Following my previous post, I’d like to explain whether you are actually a good candidate to achieve noticeable results from a facelift.

Patients who tend to see the best results from a facelift in the first group are those who have previously undergone facial contouring surgery (cheekbone reduction, jaw angle reduction, chin surgery) or liposuction procedures (front cheeks, nasolabial folds, buccal fat, double chin).
People who have undergone these procedures are most commonly in their 30s and 40s.
Facial contouring surgery refers to procedures within plastic surgery that reshape or reduce the facial bones, such as cheekbone reduction, jaw angle reduction, or chin surgery.
Facial liposuction, on the other hand, involves removing unwanted fat deposits in areas such as the front cheeks, cheek area, jowls, and double chin, helping to refine and slim the face.

In these patients, the results of a facelift tend to be much more dramatic (compared to those who have not undergone such procedures). In other words, they become ideal candidates for a successful facelift.
Let’s take a closer look at why this is the case.

Do you remember the “rubber glove” analogy I explained in a previous post?

If you put on a rubber glove that is too large for your hand, the fingers will look wrinkled and the glove itself will not sit smoothly.
Even if you forcefully stretch it to fit your hand, the moment you release it, it tends to wrinkle again. And if you pull it too aggressively, the glove may become overstretched or even tear.

So the key point was that when performing a facelift to improve a sagging, wrinkled face, it is not simply about “pulling things tight.”

This is essentially the exact opposite—the polar opposite—of the procedures I mentioned earlier: facial contouring and facial liposuction. They are literally the reverse situation.
In this case, the rubber glove is too small, while the hand is too large.

“Having a large hand” in this analogy means a hand that looks big and bulky, like a man’s hand with a naturally thick bone structure prominent, strong, and somewhat rugged in appearance.

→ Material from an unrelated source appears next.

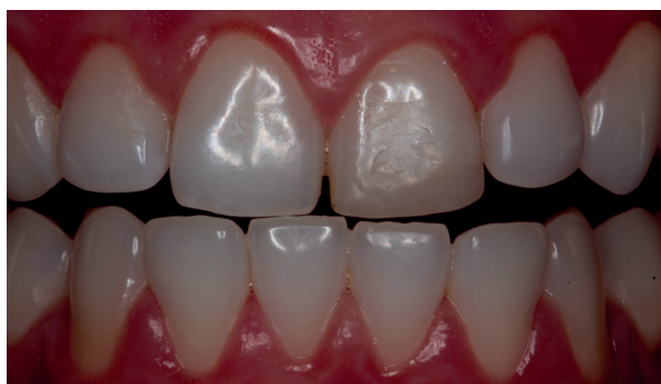
Figura 01 - Aspecto inicial dente 21.

[Arm-wrestling champion’s hand]

Conversely, someone may also have a “large hand” not because of big bones, but because of excess soft tissue or swelling.
In other words, the hand can look large due to fullness or puffiness rather than skeletal structure.

[Looks large because of swelling or soft tissue fullness]

In other words,
a “bony large hand” corresponds to someone with prominent cheekbones or a wide jawline.
A “plump hand,” on the other hand, corresponds to someone with fullness in areas such as the front cheeks, buccal fat pads, or double chin.
This analogy should make the concept easier to understand.
However, regardless of whether the hand becomes larger due to bone structure or soft tissue, as I mentioned in the previous post, once the hand exceeds a certain size, there is a curious phenomenon where the rubber glove (representing the skin) seems to adapt and expand in response, almost as if it can generate the additional surface area needed to accommodate the change.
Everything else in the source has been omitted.